### Available data
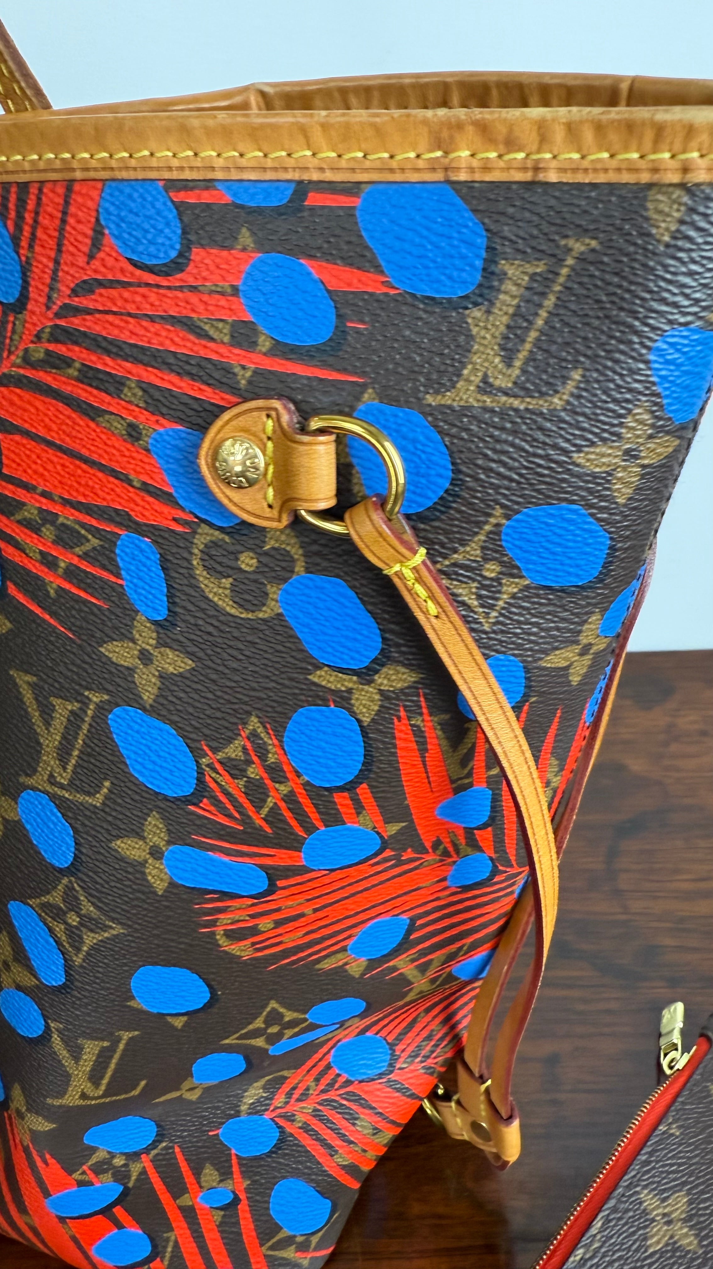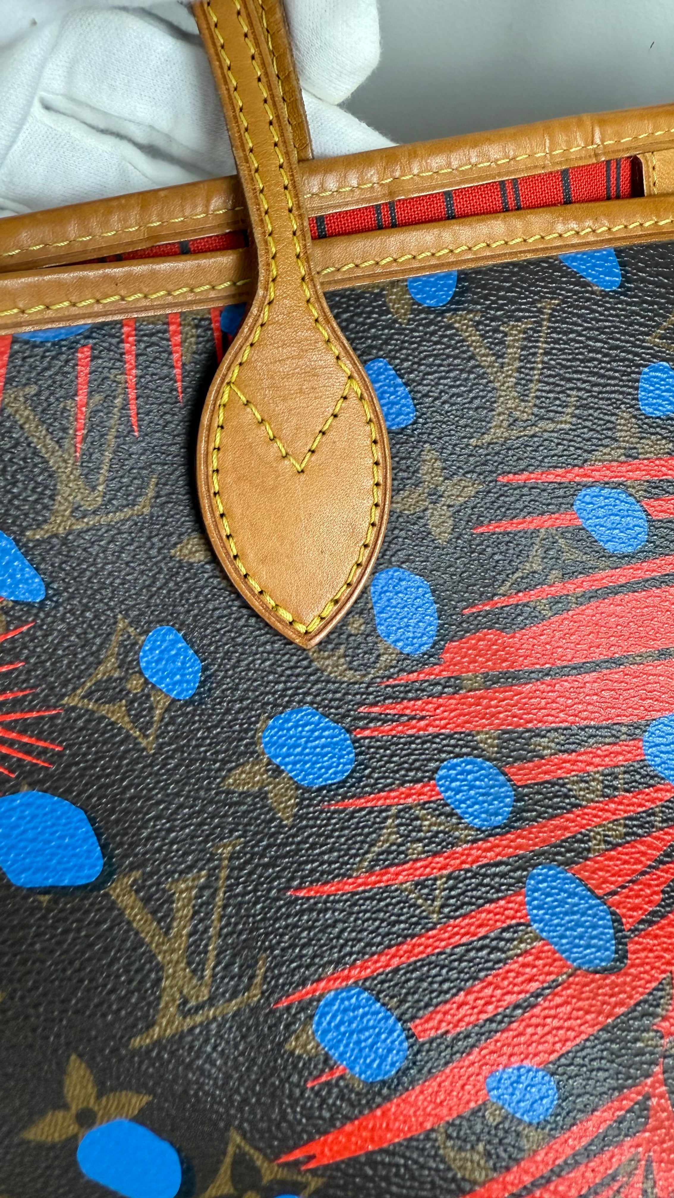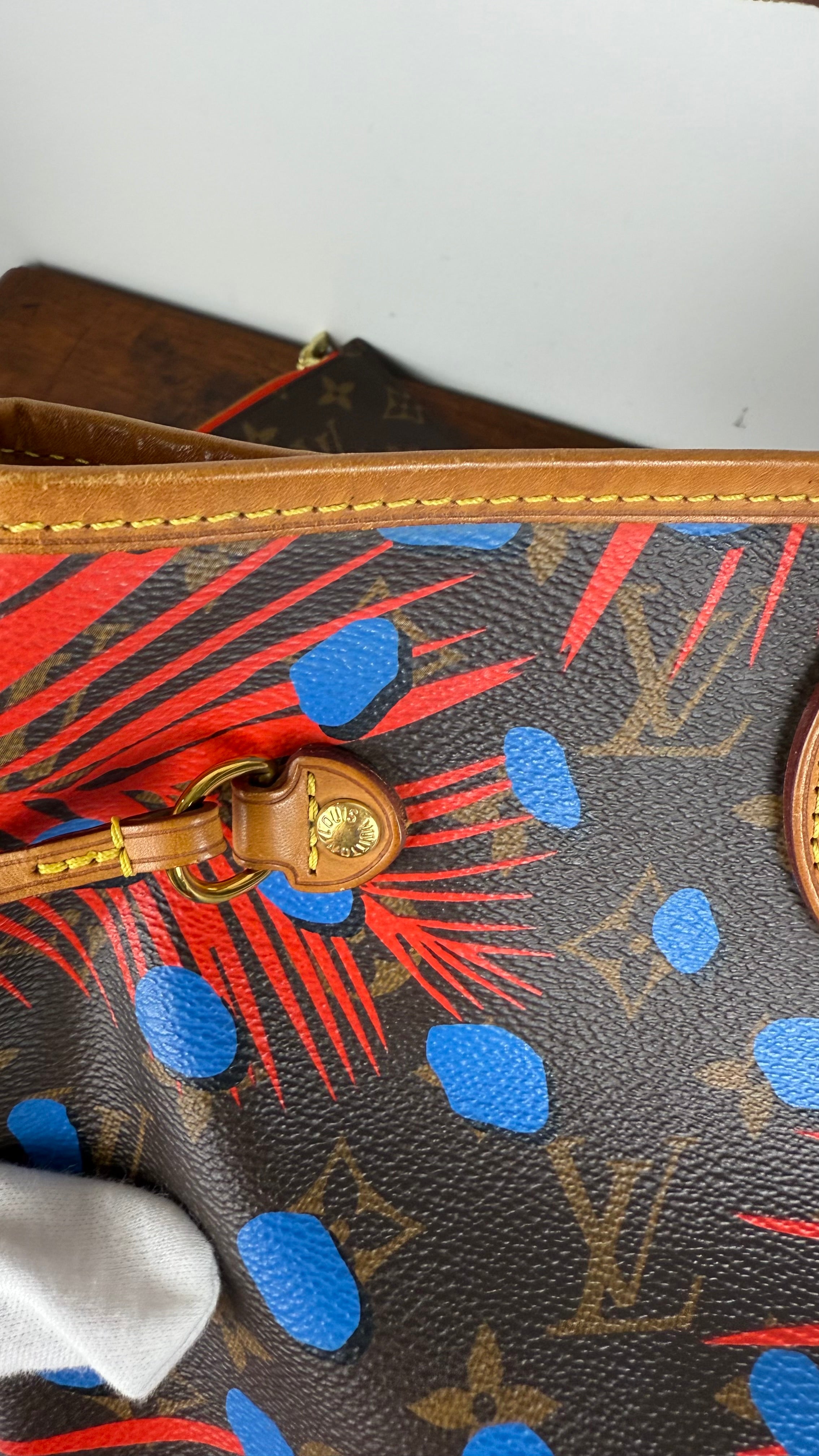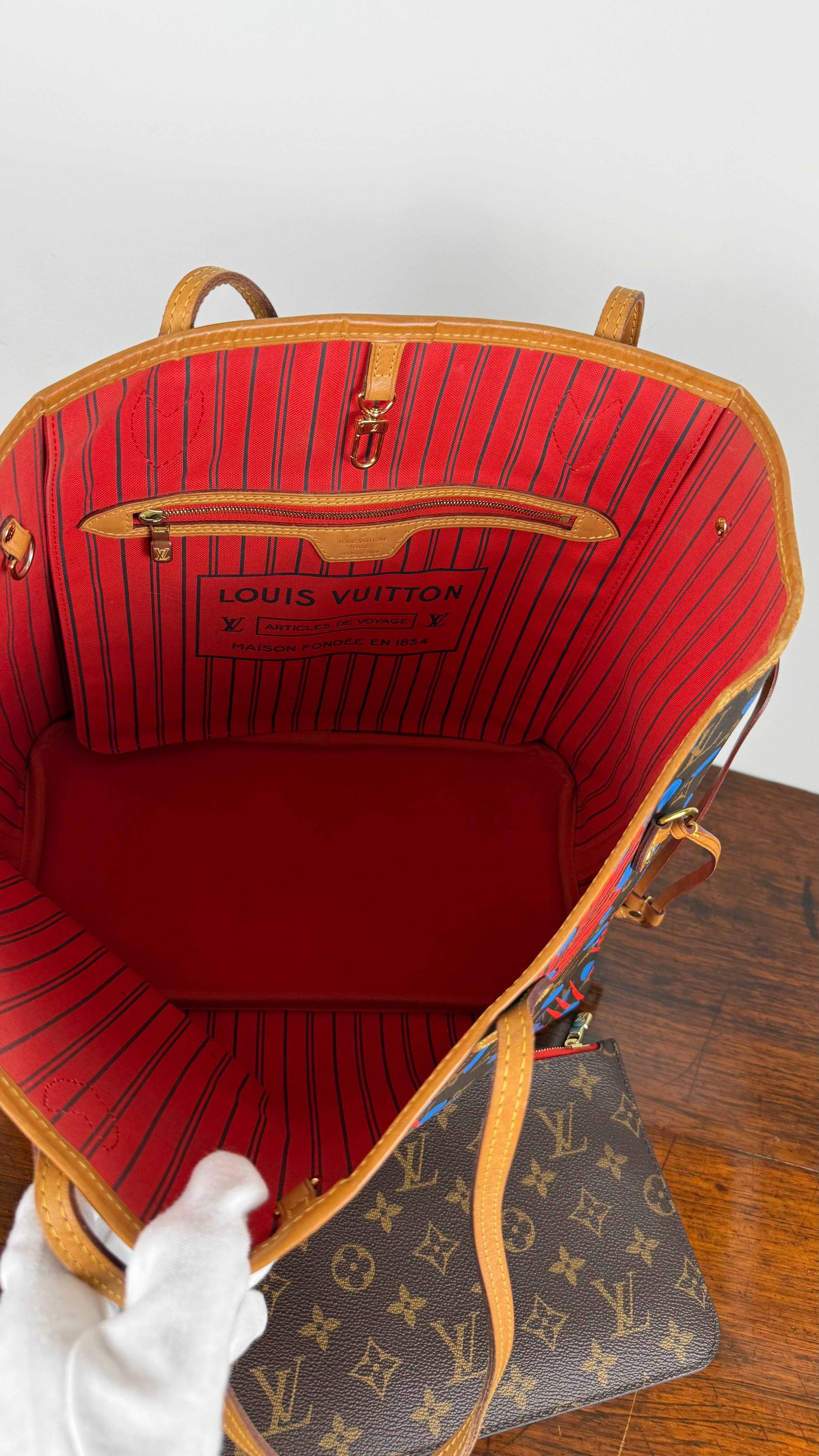 A Neverfull MM é um dos modelos mais icónicos da Louis Vuitton, conhecida pelo seu formato espaçoso e versatilidade. Nesta versão limited edition, o clássico canvas monogram recebe um toque vibrante com estampado colorido, tornando a peça única e colecionável.
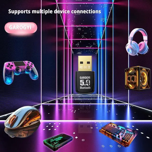 Key Features: The GAROGYI USB Bluetooth Adapter features advanced Bluetooth 5.4 technology offering faster more stable connections with minimal sound quality loss. It supports simultaneous connections to multiple devices without interference allowing seamless use of peripherals like keyboards.
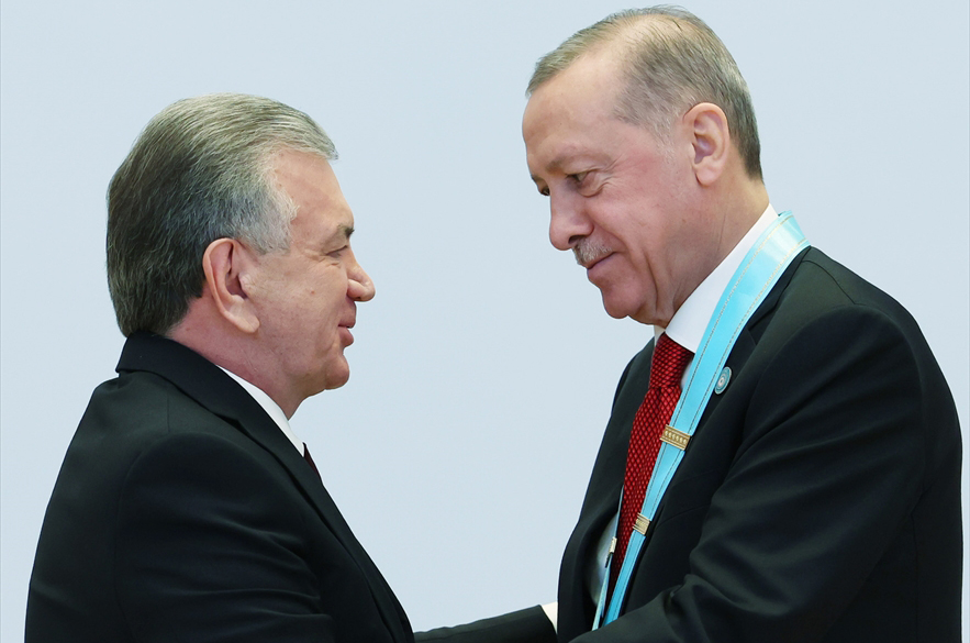 "Ebedi Şehir" Kongre Merkezi`nde düzenlenen törende Özbekistan Cumhurbaşkanı Şevket Mirziyoyev, "Türk Dünyası Ali Nişanı"nı Erdoğan`a takdim etti.
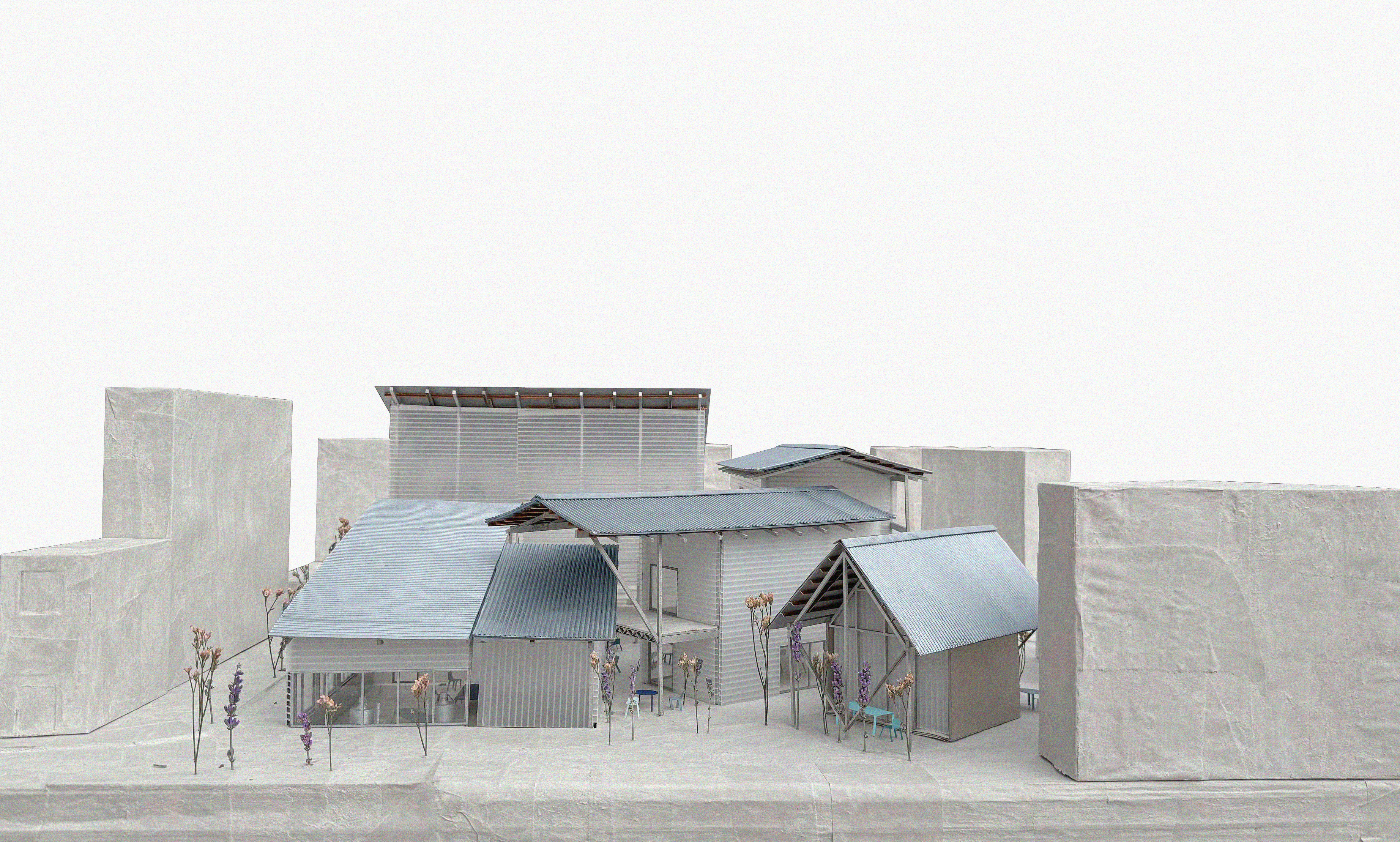 This project proposes a domestic-scale space in Shimokitazawa that fosters conviviality through everyday and collaborative production. It brings together craft, art, and ordinary labor— such as carpentry, ceramics, textiles, and coffee roasting—into a flexible framework that supports both making and gathering. Rather than treating craft as a static aesthetic, the project frames it as an evolving, embedded practice shaped by local materials and techniques. A series of interconnected buildings form a porous spatial system that expands outward, reflecting the fluid transitions between interior and exterior.
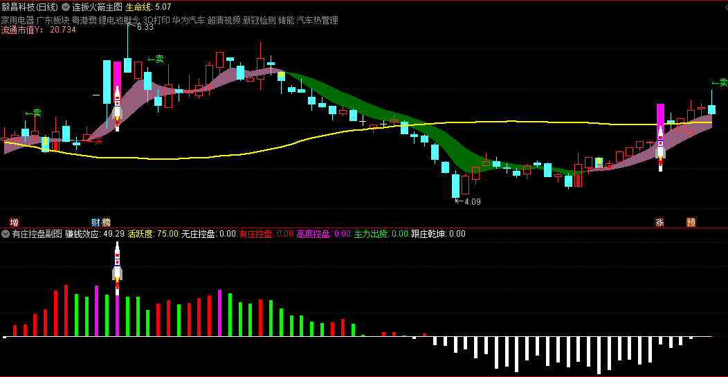 火箭信号:当主力雷达主图与跟庄王副图中同时出现“火箭”信号时,表明该股票当前处于强势上涨阶段,且受到主力资金的积极推动,是投资者应重点关注的标的。

### Exercise directions
Leave the pictures aside and give every entry above again word for word.

### Task output
 A Neverfull MM é um dos modelos mais icónicos da Louis Vuitton, conhecida pelo seu formato espaçoso e versatilidade. Nesta versão limited edition, o clássico canvas monogram recebe um toque vibrante com estampado colorido, tornando a peça única e colecionável.
 Key Features: The GAROGYI USB Bluetooth Adapter features advanced Bluetooth 5.4 technology offering faster more stable connections with minimal sound quality loss. It supports simultaneous connections to multiple devices without interference allowing seamless use of peripherals like keyboards.
 "Ebedi Şehir" Kongre Merkezi`nde düzenlenen törende Özbekistan Cumhurbaşkanı Şevket Mirziyoyev, "Türk Dünyası Ali Nişanı"nı Erdoğan`a takdim etti.
 This project proposes a domestic-scale space in Shimokitazawa that fosters conviviality through everyday and collaborative production. It brings together craft, art, and ordinary labor— such as carpentry, ceramics, textiles, and coffee roasting—into a flexible framework that supports both making and gathering. Rather than treating craft as a static aesthetic, the project frames it as an evolving, embedded practice shaped by local materials and techniques. A series of interconnected buildings form a porous spatial system that expands outward, reflecting the fluid transitions between interior and exterior.
 火箭信号:当主力雷达主图与跟庄王副图中同时出现“火箭”信号时,表明该股票当前处于强势上涨阶段,且受到主力资金的积极推动,是投资者应重点关注的标的。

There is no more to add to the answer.